Endoscopic biliary drainage has been used as an initial treatment for benign biliary stricture (BBS). Recently, multiple plastic stents and covered self-expandable metal stents have been reported to show promising outcomes for the management of BBS1,2. However, adequate biliary drainage over the long-term using biliary stents is still challenging. Many biliary endoscopic devices including biliary stents have been recently developed to improve the patency of devices3,4,5. However, these attempts to increase the long-term drainage effect by changing the shape or material of plastic stents do not have satisfactory effects. Therefore, there are increasing requirements for new devices that can improve limitations of conducting endoscopic management in BBS.

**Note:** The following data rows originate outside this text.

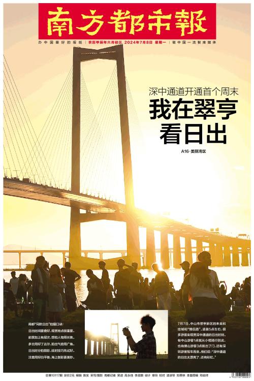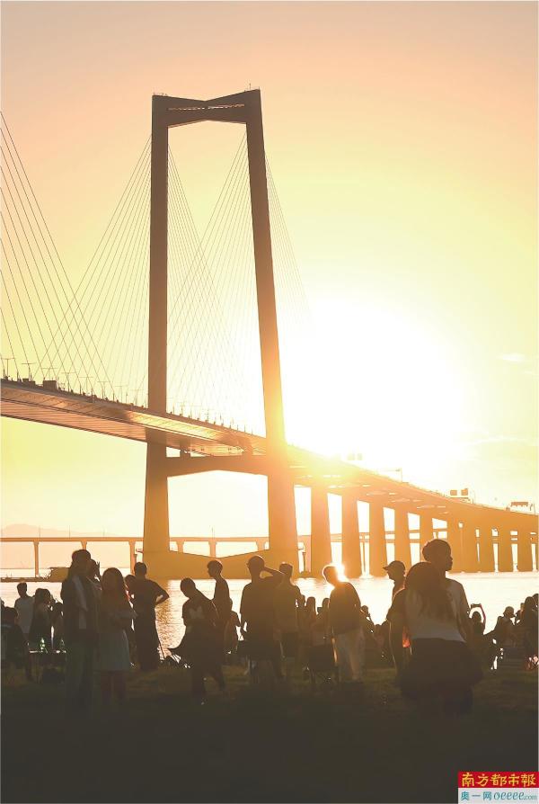 7月7日,中山市翠亨新区的未来科技城和“情侣路”。凌晨5点左右,很多游客来观赏深中通道的日出时刻。有中山游客1点就从小榄骑行到此,也有佛山游客3点就出了门,还有深圳游客驾车而来。他们说:“深中通道的日出太漂亮了,还有彩虹。”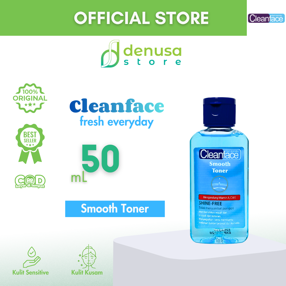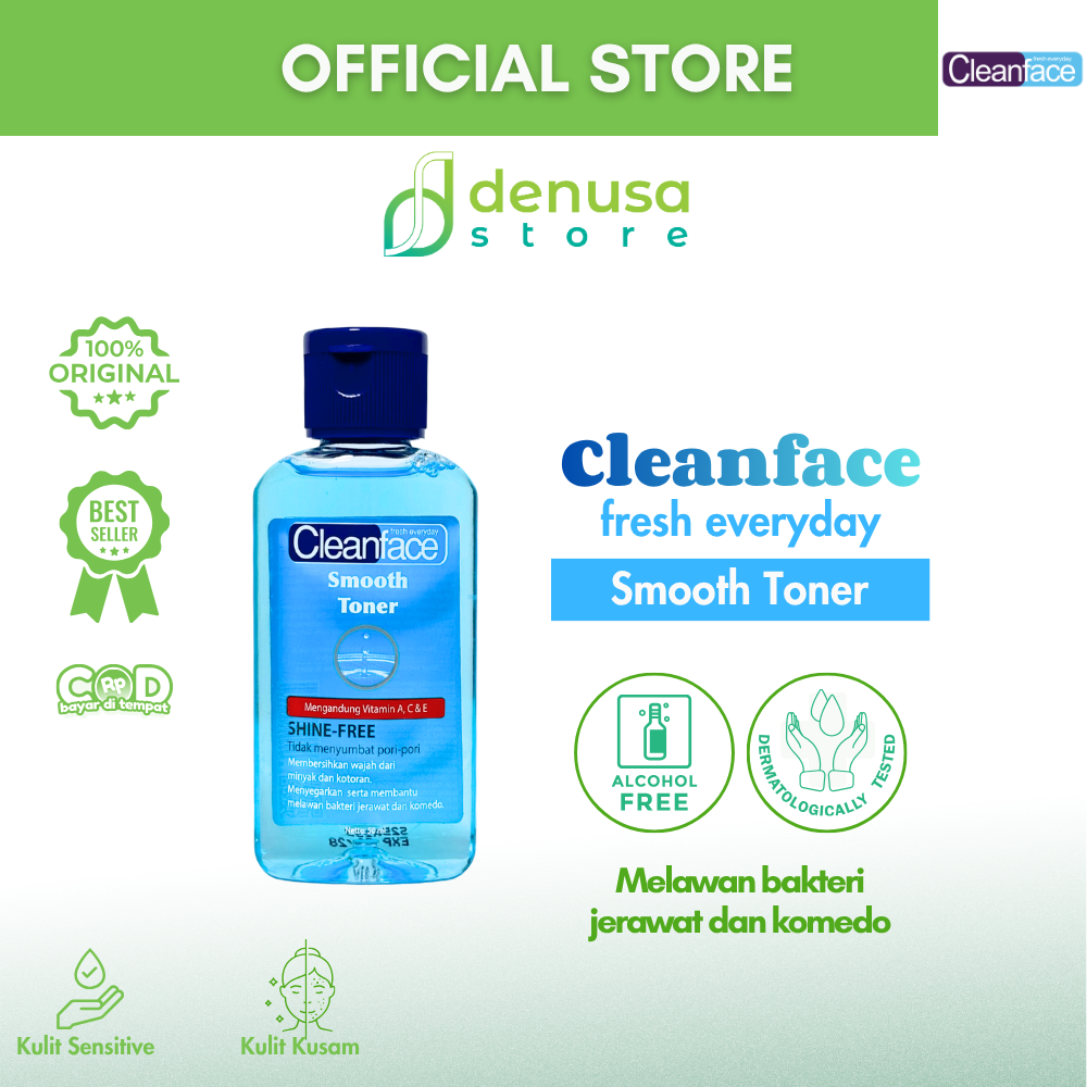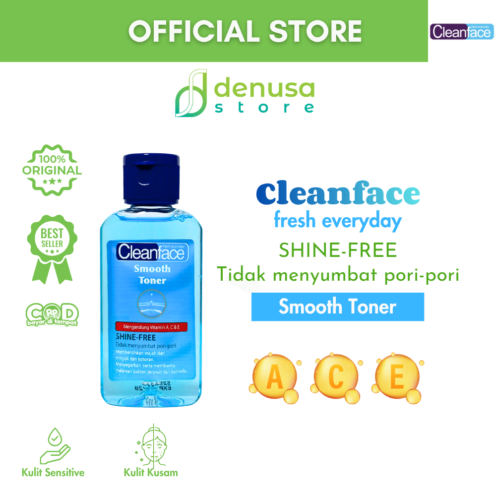 Beli CleanFace Smooth Toner Shine Free 50 ml hanya di denusastore.com dan rasakan kulit yang lebih segar, halus, dan bebas kilap sepanjang hari!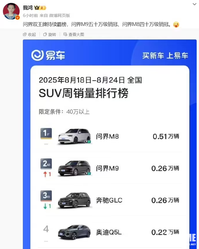 此外,博主“我鸿”今日分享:“问界双王牌持续霸榜,问界M9五十万级销冠、问界M8四十万级销冠。”相关图片显示,问界 M8 销量为0.51万辆、问界M9销量为0.26万辆。据了解,自进入2025年,鸿蒙智行延续良好发展态势,已连续34周保持周交付量破万,累计交付规模更是突破40万台,领先优势不断扩大。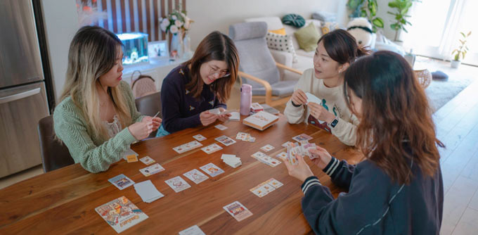 Each player randomly selects a food stall to start with. Each stall has a unique power. If you play a card that matches your stall (e.g., playing Seafood Ramen while owning a ramen stall), you activate its power.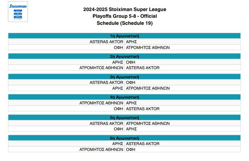 Ενώ υπάρχει και ο ΟΦΗ – Ατρόμητος στην πρώτη αγωνιστική των playoffs στο 5-8. Αξίζει να σημειωθεί ότι ομάδα που θα πάρει την πρώτη θέση στη διαδικασία αυτή, θα κερδίσει ευρωπαϊκό εισιτήριο εφόσον ΔΕΝ κατακτήσει το Κύπελλο κάποιος εκ των ΟΦΗ ή Αστέρας Τρίπολης.

Before applying to endoscopic devices in humans, appropriate animal models are important for preclinical study to evaluate the efficacy of endoscopic devices. In the past, previous studies mostly reported surgically created percutaneous approaches6,7,8. However, procedures of making animal models using surgically created percutaneous approaches were laborious. Recently, several studies have reported the development of in vivo and in vitro animal models for BBS using an endoscopic biliary approach9,10,11. The first endoscopic biliary approach by Rumella et al. used heat probe and multipolar probe to produce BBS12. However, these studies were conducted using methods including heat probe and multipolar probe other than intraductal radiofrequency ablation (RFA) for BBS. Even if an endoscopic approach was used, the experiment was conducted using a non-thermal injury method such as endoscopic detachable snare. Some studies have reported a short observation time without performing follow-up liver function tests commonly conducted in clinical practice.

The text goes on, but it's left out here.